Saved data entries:
____

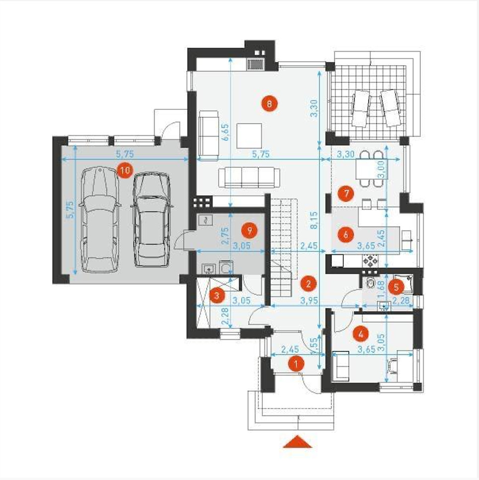 przestronny garaż dwustanowiskowy w bryle budynku.
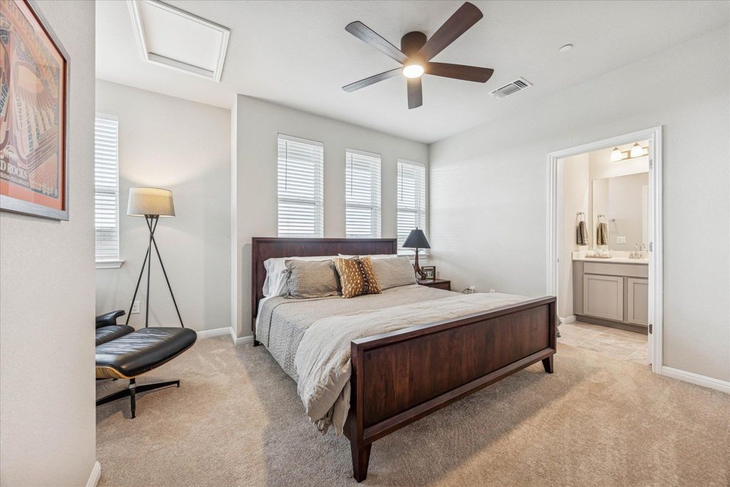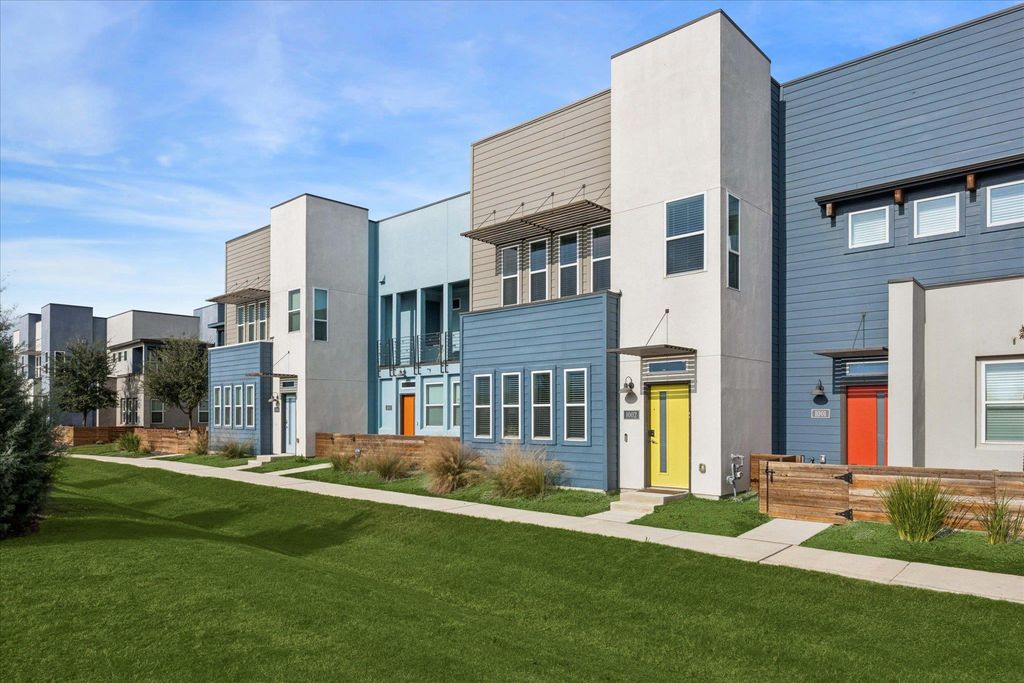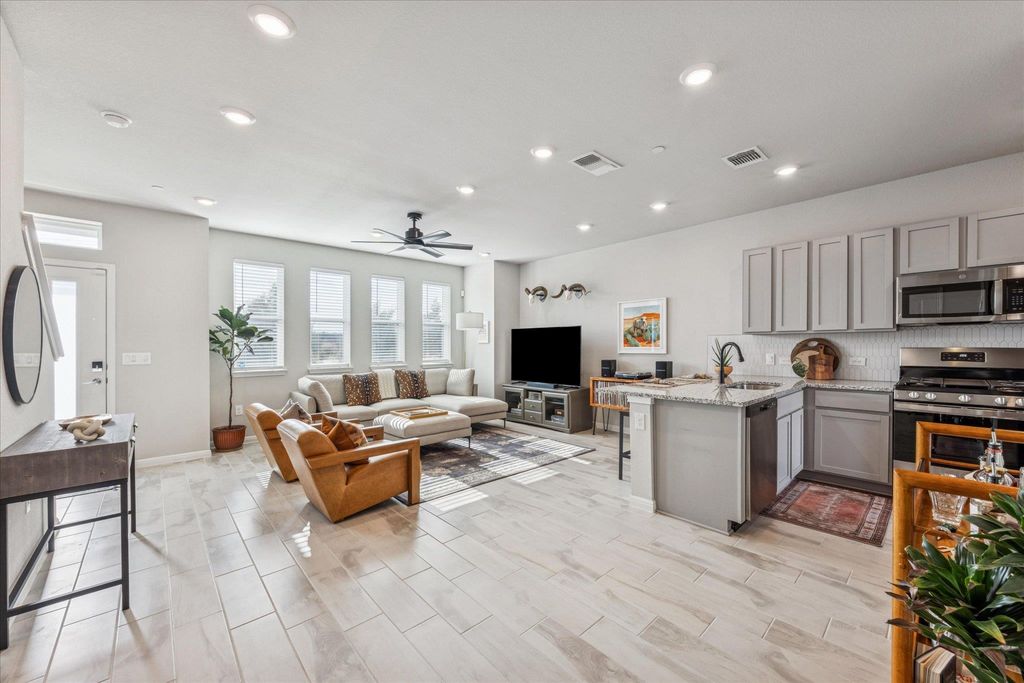 Incredible modern townhome, meticulously maintained and truly like new, located in the highly desirable Goodnight Ranch community. Enjoy a walkable lifestyle with easy access to coffee shops, dining, bars, resort-style pool, lakes, parks, and schools. The open-concept floor plan features a gourmet island kitchen with custom cabinetry, seamlessly flowing into a spacious living area filled with natural light and recessed lighting throughout. Tile flooring extends through the main level and all bathrooms, complemented by upgraded faucets, fixtures, and modern door hardware. Step outside to an inviting private patio ideal for grilling and entertaining, featuring attractive, low-maintenance turf for year-round enjoyment. The spacious primary suite opens to a private bath with a large walk-in shower, blackout curtains, modern ceiling fan, and a generous walk-in closet. The secondary bedroom offers a walk-in closet, its own private bath with a tub/shower combo, and a thoughtfully designed built-in study niche"”perfect for a home office, reading area, or creative space. Stylish lighting and ceiling fans throughout, window blinds installed, and washer and dryer convey. Exceptional value in the community"”this home truly has it all and won't last long.
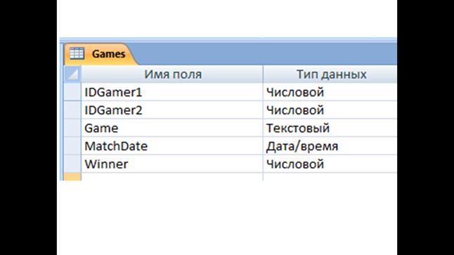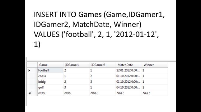 INSERT INTO Games (Game, IDGamer1, IDGamer2, MAtchDate, Winner) VALUES (‘football’, 2, 1, ’2012-01-12’, 1)
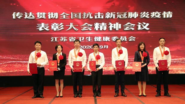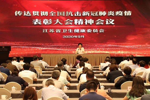 9月15日下午,省卫生健康委在南京召开传达贯彻全国抗击新冠肺炎疫情表彰大会精神会议。会议传达学习了全国抗击新冠肺炎疫情表彰大会精神和9月11日省委常委会会议精神,观看了委机关和直属单位“全国抗击新冠肺炎疫情先进个人”事迹,以及江苏援湖北医疗卫生队和江苏省卫生健康委“全国抗击新冠肺炎疫情先进集体”先进事迹视频,援鄂医疗队员代表、委疫情防控指挥部代表上台发表感言。委党组书记、主任谭颖出席会议并讲话。
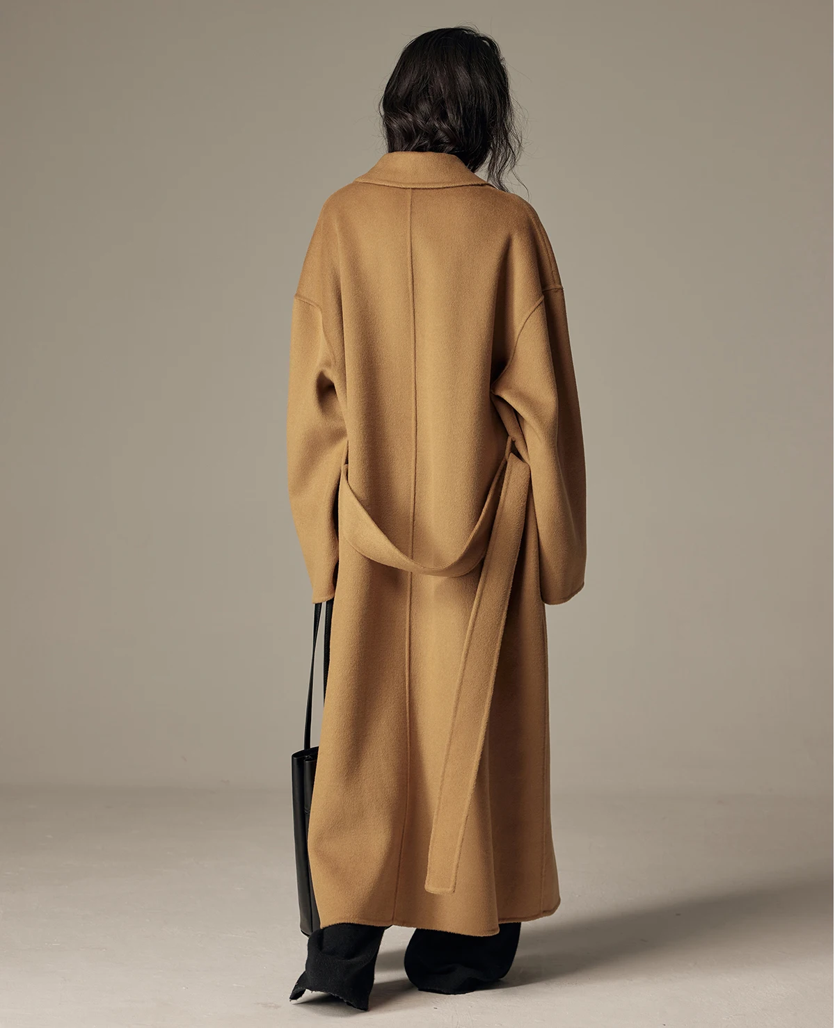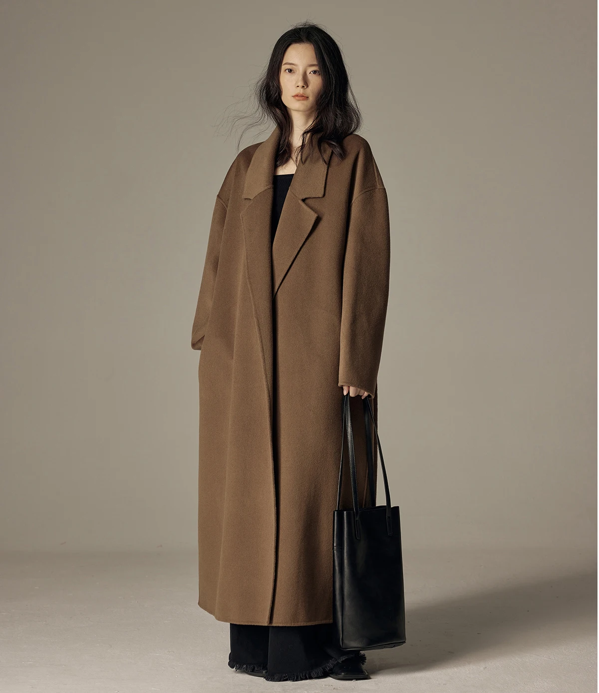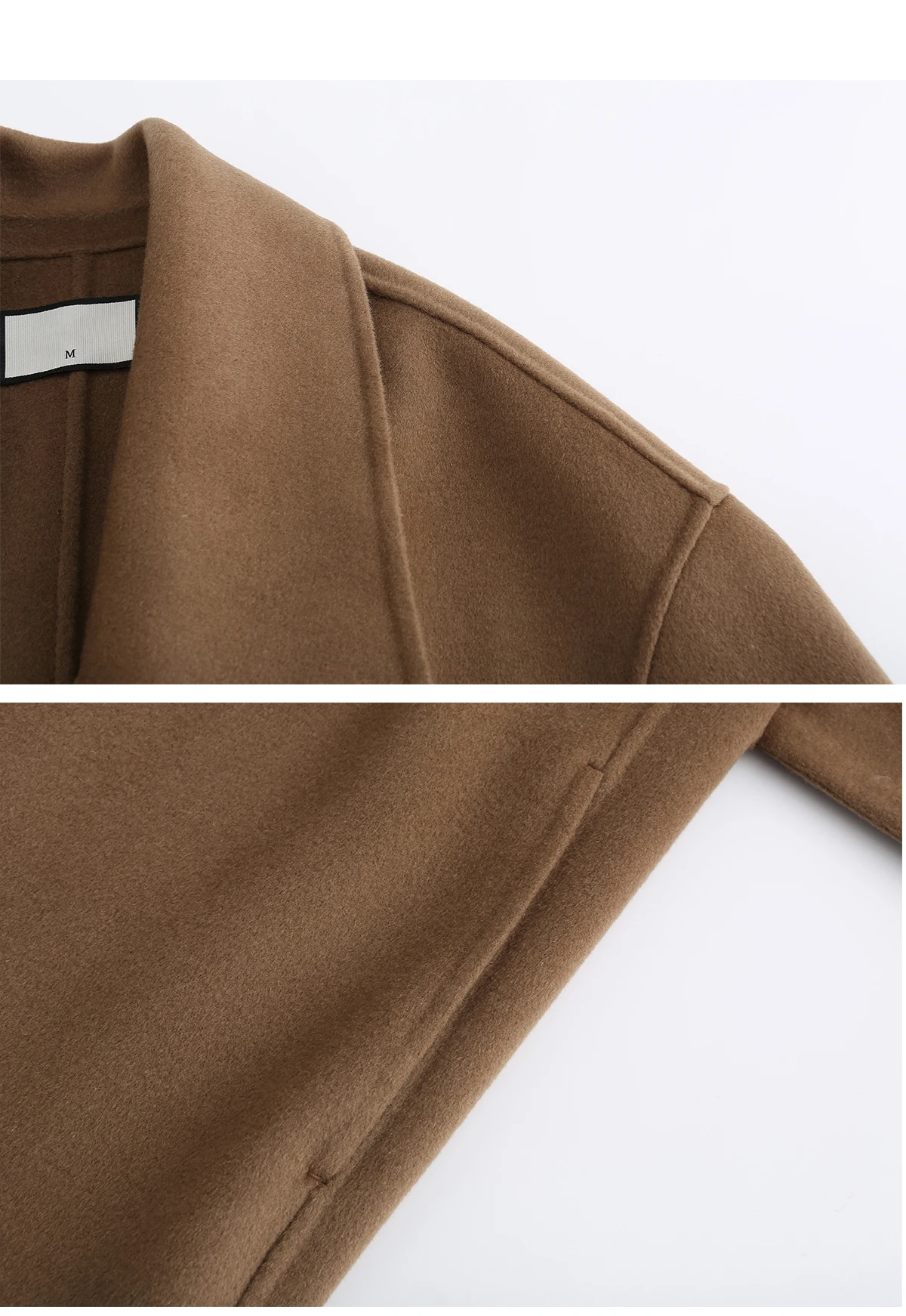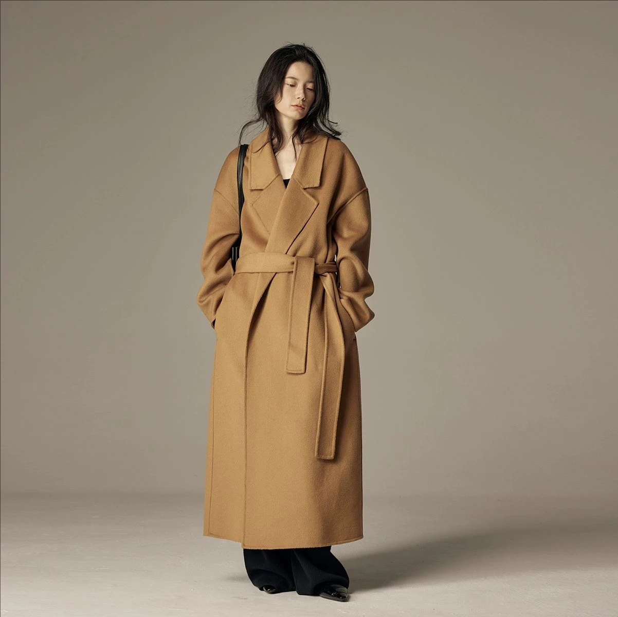 High Count 100% Wool Double-sided Woolen Coat for Women Winter Simple and Loose Drop Shoe ultra Long Over the Knee Woolen Coat

____

What this task involves ▸
Each record above needs to be retyped exactly, without any pictures.

Written answer ▸
 przestronny garaż dwustanowiskowy w bryle budynku.
 Incredible modern townhome, meticulously maintained and truly like new, located in the highly desirable Goodnight Ranch community. Enjoy a walkable lifestyle with easy access to coffee shops, dining, bars, resort-style pool, lakes, parks, and schools. The open-concept floor plan features a gourmet island kitchen with custom cabinetry, seamlessly flowing into a spacious living area filled with natural light and recessed lighting throughout. Tile flooring extends through the main level and all bathrooms, complemented by upgraded faucets, fixtures, and modern door hardware. Step outside to an inviting private patio ideal for grilling and entertaining, featuring attractive, low-maintenance turf for year-round enjoyment. The spacious primary suite opens to a private bath with a large walk-in shower, blackout curtains, modern ceiling fan, and a generous walk-in closet. The secondary bedroom offers a walk-in closet, its own private bath with a tub/shower combo, and a thoughtfully designed built-in study niche"”perfect for a home office, reading area, or creative space. Stylish lighting and ceiling fans throughout, window blinds installed, and washer and dryer convey. Exceptional value in the community"”this home truly has it all and won't last long.
 INSERT INTO Games (Game, IDGamer1, IDGamer2, MAtchDate, Winner) VALUES (‘football’, 2, 1, ’2012-01-12’, 1)
 9月15日下午,省卫生健康委在南京召开传达贯彻全国抗击新冠肺炎疫情表彰大会精神会议。会议传达学习了全国抗击新冠肺炎疫情表彰大会精神和9月11日省委常委会会议精神,观看了委机关和直属单位“全国抗击新冠肺炎疫情先进个人”事迹,以及江苏援湖北医疗卫生队和江苏省卫生健康委“全国抗击新冠肺炎疫情先进集体”先进事迹视频,援鄂医疗队员代表、委疫情防控指挥部代表上台发表感言。委党组书记、主任谭颖出席会议并讲话。
 High Count 100% Wool Double-sided Woolen Coat for Women Winter Simple and Loose Drop Shoe ultra Long Over the Knee Woolen Coat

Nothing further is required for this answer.